My downward spiral had just begun.
At the beginning of my second semester in college, Anna and I stopped speaking. I became more and more emotionally distraught. She was my best girlfriend in a new city with lots of dark cracks that I continued falling into. I had no one to catch me or pull me out except for my new boyfriend, Evil A.
Evil A convinced me everything would be ok. He told me two weeks into our romance he loved me and saw himself marrying me. I did not reciprocate immediately but thought I felt the same way. Maybe I did. Maybe I was just afraid I would be alone in a big, scary city.
I became dependent on him for companionship. I see now, things could have unfolded entirely differently. We could have eased into breaking the news to Anna as I had originally wished. Instead he mentally manipulated me into believing I didn’t want to be friends with her, did not help or encourage me to repair this very important friendship, and it dissolved.
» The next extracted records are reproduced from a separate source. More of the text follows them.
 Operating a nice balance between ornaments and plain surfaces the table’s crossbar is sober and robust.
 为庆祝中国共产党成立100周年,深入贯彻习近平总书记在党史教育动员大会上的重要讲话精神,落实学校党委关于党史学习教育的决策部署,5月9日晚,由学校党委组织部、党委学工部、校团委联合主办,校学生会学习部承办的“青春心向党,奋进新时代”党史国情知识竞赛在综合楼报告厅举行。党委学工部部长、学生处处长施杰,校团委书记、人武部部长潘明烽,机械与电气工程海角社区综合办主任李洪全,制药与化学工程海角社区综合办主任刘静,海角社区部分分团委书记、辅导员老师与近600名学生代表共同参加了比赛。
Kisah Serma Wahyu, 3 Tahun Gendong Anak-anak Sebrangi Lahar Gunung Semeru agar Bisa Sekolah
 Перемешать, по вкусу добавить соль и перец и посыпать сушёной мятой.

As our relationship progressed it felt increasingly passionate. I became depressed when I realized I sort of only had Evil A and no good girlfriends (it’s hard to meet people an NYU, especially when your first roommate and everyone on your floor—in my case—is a total freak). I started getting psychotically jealous of the most insignificant shit—past girlfriends, female classmates, girls he’d merely kissed. Evil A only perpetuated my mental discomfort, which worsened so gradually, I didn’t realize the spell I was under until it was too late. I believed Evil A could do no wrong. I believed he was looking out for my best interest. I believed and believed in everything he said and did because I thought he loved me, I thought he would sacrifice himself for me.
So I was concerned when he began having “blackouts” during heated arguments or emotional talks. He became unconscious, his body limp, his eyes rolled back in his head, his jaw limp. I would try to pick him up and move him to his bed and did whatever I could think of to snap him out of it, while crying hysterically wondering if I should call the hospital. Sometimes I would ask him to squeeze my hand if he could hear me, and he would actually respond. I’d flick the lights on and off desperately looking for something that would make him come to.
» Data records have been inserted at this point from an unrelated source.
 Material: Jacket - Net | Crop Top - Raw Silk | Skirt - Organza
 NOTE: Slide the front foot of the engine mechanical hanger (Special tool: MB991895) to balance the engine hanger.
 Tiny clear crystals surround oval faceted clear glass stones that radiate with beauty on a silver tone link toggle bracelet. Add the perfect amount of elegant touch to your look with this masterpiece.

After a few of these incidents, he confessed these “blackouts” were a product of all the acid he took in high school at a frequency of once a week for a year. The blackouts persisted and always happened when I was in hysterics because Evil A had threatened to break up with me.
One severe fight and blackout took place my sophomore year. I can’t remember why it started but Evil A stormed out of our dorm room and left me in face-numbing tears. When I finally got him on the phone he called me a “fucking crazy bitch” and told me to move all my stuff out of his room by the time he got back. I called him repeatedly and he wouldn’t answer, which only made me more hysterical. I called my parents unable to speak the sobbing was so intense.
Evil A returned sooner than I expected and went immediately to take a nap. I nervously lied down next to him, and he awoke in an hour. He walked into the kitchen.
“Man, what time is it?” he asked.
“Holy shit it’s 5:30? What day is it? I feel like I’ve been sleeping for 20 hours,” he said, almost laughing.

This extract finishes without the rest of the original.